+++ PROVIDED RECORDS +++

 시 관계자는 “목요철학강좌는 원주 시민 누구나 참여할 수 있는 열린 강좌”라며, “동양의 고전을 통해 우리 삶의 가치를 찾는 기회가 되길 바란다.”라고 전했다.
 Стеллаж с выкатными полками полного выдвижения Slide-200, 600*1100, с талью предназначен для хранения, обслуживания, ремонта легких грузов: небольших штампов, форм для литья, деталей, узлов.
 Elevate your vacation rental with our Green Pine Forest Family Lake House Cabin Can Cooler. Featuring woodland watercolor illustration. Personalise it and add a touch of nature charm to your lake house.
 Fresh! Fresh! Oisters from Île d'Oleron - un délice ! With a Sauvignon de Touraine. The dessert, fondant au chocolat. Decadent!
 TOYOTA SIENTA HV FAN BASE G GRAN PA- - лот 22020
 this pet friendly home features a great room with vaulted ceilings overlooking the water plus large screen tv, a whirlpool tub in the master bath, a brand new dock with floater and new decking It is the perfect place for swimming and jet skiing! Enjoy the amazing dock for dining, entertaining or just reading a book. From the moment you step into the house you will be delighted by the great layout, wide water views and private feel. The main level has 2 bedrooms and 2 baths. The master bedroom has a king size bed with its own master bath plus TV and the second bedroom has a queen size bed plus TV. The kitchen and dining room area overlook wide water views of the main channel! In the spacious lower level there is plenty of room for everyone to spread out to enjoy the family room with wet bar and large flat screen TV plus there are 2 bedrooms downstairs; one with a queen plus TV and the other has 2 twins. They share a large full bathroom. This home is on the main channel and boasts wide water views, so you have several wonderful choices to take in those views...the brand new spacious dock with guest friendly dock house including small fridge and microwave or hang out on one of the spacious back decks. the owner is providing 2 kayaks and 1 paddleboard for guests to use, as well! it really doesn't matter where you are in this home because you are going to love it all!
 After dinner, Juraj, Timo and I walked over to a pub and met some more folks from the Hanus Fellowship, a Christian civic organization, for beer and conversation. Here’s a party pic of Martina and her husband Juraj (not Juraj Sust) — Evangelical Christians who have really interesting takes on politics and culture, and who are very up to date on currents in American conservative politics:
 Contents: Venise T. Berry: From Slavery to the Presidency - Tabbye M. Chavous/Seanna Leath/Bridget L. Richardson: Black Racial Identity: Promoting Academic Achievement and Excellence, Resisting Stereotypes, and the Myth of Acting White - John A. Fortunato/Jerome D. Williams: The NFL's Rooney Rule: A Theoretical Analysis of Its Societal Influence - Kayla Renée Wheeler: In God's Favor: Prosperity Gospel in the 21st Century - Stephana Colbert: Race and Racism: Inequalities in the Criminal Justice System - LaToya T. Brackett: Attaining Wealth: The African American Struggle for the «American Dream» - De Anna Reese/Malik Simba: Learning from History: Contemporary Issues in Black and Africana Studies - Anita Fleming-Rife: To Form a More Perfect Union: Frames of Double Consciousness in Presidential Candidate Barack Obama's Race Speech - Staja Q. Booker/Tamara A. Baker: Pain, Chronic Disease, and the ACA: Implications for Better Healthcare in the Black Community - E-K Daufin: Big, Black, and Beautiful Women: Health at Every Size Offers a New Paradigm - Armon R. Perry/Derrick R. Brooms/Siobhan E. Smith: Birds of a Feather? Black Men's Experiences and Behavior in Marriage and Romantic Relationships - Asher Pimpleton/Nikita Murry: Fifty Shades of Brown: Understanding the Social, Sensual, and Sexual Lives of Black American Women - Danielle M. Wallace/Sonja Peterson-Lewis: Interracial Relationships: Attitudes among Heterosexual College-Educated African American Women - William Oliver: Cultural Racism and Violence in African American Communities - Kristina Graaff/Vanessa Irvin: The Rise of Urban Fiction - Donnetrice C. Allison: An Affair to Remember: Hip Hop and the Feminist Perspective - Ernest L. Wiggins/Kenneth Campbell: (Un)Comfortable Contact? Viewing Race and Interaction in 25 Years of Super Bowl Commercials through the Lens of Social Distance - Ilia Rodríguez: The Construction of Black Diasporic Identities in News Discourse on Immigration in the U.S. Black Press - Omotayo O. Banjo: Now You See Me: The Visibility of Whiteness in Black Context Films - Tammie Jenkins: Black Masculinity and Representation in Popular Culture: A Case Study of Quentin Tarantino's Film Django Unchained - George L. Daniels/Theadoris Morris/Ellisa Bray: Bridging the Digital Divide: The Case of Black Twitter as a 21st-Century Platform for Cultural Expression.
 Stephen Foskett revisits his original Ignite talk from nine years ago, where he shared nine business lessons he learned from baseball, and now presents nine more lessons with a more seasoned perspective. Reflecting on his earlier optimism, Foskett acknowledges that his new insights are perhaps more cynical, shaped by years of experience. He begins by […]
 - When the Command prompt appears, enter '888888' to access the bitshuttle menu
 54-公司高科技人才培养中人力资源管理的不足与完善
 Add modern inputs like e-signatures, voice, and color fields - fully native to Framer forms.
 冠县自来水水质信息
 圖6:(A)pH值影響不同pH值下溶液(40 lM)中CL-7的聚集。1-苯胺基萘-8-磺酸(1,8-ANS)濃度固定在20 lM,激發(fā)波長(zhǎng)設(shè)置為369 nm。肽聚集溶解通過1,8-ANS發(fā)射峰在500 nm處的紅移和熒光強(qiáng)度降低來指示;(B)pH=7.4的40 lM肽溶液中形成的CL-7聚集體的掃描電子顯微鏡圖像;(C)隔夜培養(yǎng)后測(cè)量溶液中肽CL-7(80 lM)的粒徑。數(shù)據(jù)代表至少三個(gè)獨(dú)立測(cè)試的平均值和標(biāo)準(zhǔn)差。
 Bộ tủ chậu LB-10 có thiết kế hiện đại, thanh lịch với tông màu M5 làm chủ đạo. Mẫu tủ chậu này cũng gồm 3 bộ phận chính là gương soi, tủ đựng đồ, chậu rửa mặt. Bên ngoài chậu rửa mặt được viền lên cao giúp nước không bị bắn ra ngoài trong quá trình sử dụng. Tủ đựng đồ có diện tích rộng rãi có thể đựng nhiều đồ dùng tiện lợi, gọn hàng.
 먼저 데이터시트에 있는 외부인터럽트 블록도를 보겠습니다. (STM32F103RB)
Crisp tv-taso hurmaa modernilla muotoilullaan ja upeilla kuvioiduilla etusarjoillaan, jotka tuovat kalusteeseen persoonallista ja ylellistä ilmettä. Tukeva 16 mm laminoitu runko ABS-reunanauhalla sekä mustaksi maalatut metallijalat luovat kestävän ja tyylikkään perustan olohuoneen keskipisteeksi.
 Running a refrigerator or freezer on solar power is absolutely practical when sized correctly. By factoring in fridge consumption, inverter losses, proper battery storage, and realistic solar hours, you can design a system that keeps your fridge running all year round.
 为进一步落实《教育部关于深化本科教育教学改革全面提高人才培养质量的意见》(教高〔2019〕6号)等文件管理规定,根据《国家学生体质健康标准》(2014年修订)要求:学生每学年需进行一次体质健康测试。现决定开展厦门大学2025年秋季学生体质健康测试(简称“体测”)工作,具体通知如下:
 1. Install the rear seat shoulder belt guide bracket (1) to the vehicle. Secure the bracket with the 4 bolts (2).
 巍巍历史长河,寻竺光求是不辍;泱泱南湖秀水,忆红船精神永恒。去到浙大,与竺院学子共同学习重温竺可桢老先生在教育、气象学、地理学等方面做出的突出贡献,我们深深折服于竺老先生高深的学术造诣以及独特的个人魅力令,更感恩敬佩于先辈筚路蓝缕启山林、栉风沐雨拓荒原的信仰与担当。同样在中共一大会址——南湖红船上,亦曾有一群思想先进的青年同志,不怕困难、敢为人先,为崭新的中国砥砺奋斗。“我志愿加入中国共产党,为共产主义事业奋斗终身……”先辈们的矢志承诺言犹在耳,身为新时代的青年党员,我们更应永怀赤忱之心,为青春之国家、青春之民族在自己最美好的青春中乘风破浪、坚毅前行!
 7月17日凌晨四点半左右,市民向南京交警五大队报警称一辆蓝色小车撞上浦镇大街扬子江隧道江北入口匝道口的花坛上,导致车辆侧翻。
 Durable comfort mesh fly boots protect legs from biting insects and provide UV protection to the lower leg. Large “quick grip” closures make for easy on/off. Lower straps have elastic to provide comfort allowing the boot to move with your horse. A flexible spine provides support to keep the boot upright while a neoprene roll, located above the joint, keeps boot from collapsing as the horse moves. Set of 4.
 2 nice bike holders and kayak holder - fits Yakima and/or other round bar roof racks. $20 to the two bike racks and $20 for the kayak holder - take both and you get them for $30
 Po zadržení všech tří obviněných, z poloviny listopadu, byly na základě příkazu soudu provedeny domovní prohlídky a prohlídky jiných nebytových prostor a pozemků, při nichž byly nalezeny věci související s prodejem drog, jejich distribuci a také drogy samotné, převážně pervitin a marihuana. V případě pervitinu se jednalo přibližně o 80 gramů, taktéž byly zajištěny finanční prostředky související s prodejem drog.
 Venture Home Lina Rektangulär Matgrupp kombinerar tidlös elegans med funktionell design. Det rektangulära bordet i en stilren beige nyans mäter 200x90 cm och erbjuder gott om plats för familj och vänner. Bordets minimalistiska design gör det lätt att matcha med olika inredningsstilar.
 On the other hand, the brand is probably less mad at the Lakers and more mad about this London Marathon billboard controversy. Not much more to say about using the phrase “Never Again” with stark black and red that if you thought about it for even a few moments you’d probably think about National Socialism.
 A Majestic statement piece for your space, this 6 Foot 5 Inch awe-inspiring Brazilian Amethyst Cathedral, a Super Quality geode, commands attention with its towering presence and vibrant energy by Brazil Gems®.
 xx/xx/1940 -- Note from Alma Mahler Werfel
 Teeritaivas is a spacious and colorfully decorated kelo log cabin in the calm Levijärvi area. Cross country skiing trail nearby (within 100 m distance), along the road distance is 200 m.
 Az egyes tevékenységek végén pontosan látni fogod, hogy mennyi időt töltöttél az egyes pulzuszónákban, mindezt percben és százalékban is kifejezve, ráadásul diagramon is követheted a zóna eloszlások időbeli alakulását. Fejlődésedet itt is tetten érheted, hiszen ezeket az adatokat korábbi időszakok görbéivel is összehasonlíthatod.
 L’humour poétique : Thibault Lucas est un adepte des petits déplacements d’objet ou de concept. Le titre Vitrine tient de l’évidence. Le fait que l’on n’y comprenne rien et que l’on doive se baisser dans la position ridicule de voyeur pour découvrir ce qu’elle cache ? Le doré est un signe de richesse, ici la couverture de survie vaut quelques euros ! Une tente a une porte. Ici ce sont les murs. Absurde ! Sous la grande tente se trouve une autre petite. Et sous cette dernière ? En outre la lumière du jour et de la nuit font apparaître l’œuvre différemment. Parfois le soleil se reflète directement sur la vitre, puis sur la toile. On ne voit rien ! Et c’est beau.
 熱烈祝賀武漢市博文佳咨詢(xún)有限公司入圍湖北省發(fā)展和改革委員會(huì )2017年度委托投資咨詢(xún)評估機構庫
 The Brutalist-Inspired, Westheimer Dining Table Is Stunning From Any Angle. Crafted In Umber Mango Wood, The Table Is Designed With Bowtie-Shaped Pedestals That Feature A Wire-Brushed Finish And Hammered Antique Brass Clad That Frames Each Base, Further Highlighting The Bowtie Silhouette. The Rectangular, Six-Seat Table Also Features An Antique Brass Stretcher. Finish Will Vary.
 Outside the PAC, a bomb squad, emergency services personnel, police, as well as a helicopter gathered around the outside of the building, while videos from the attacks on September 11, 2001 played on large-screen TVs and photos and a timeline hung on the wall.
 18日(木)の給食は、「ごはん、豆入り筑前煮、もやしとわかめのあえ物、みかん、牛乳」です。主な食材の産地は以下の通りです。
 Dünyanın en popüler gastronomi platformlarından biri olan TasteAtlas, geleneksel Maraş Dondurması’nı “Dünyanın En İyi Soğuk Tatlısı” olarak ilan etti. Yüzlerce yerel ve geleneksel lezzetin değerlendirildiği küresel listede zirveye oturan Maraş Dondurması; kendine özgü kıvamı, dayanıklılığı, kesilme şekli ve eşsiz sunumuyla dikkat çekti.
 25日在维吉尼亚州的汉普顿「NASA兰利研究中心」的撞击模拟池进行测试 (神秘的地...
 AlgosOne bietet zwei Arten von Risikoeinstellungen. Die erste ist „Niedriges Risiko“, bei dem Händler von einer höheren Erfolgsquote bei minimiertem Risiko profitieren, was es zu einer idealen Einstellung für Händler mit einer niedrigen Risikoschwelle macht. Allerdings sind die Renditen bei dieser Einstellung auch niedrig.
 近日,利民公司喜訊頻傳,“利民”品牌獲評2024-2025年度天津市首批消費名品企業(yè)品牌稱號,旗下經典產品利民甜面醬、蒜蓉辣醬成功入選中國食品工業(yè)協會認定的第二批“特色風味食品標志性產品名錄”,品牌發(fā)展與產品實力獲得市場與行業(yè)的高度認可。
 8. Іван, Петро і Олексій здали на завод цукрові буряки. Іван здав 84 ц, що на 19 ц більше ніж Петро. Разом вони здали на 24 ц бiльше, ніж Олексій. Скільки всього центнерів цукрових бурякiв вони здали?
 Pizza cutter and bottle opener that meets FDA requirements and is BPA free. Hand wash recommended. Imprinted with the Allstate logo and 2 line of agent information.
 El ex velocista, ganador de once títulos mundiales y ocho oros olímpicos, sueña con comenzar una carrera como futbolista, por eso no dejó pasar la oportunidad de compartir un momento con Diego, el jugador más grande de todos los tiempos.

+++

TASK DIRECTIONS: Out of the entries above, write out only the lines between the line holding "Teeritaivas is a" and the line holding "熱烈祝賀武漢市博文佳咨詢(x", inclusive, each exactly as given.

SOLVED PROBLEM:
 Teeritaivas is a spacious and colorfully decorated kelo log cabin in the calm Levijärvi area. Cross country skiing trail nearby (within 100 m distance), along the road distance is 200 m.
 Az egyes tevékenységek végén pontosan látni fogod, hogy mennyi időt töltöttél az egyes pulzuszónákban, mindezt percben és százalékban is kifejezve, ráadásul diagramon is követheted a zóna eloszlások időbeli alakulását. Fejlődésedet itt is tetten érheted, hiszen ezeket az adatokat korábbi időszakok görbéivel is összehasonlíthatod.
 L’humour poétique : Thibault Lucas est un adepte des petits déplacements d’objet ou de concept. Le titre Vitrine tient de l’évidence. Le fait que l’on n’y comprenne rien et que l’on doive se baisser dans la position ridicule de voyeur pour découvrir ce qu’elle cache ? Le doré est un signe de richesse, ici la couverture de survie vaut quelques euros ! Une tente a une porte. Ici ce sont les murs. Absurde ! Sous la grande tente se trouve une autre petite. Et sous cette dernière ? En outre la lumière du jour et de la nuit font apparaître l’œuvre différemment. Parfois le soleil se reflète directement sur la vitre, puis sur la toile. On ne voit rien ! Et c’est beau.
 熱烈祝賀武漢市博文佳咨詢(xún)有限公司入圍湖北省發(fā)展和改革委員會(huì )2017年度委托投資咨詢(xún)評估機構庫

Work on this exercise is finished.